Some people use the JSON spec, using libraries like json4s but it is not suitable for distributed computing message transfer.有些人使用 JSON 规范,使用json4s 之类的库,但它不适合分布式计算消息传输。 It marshalls data as a JSON string so it'll be both slower and storage inefficient, since it will use 8 bits to store every character in the string.它将数据编组为 JSON 字符串,因此速度较慢且存储效率低,因为它将使用 8 位来存储字符串中的每个字符。

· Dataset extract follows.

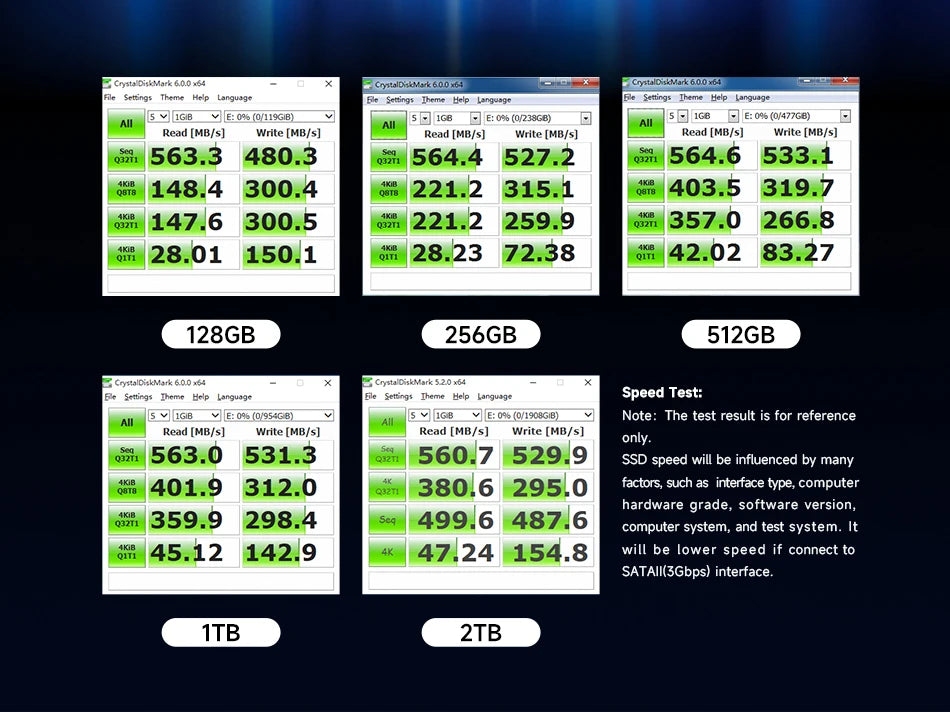 Note: the speed is just for your reference only as SSD speed will be influenced by many factors

I highly recommend using the MessagePack binary serialization format.我强烈建议使用MessagePack二进制序列化格式。 I would recommend reading the spec to understand the encoding specifics.我建议阅读规范以了解编码细节。 It has implementations in many different languages, here's a generic example I wrote for a Scala case class that you can copy-paste in your code.它有许多不同语言的实现,这是我为 Scala case class编写的一个通用示例,您可以在代码中复制粘贴。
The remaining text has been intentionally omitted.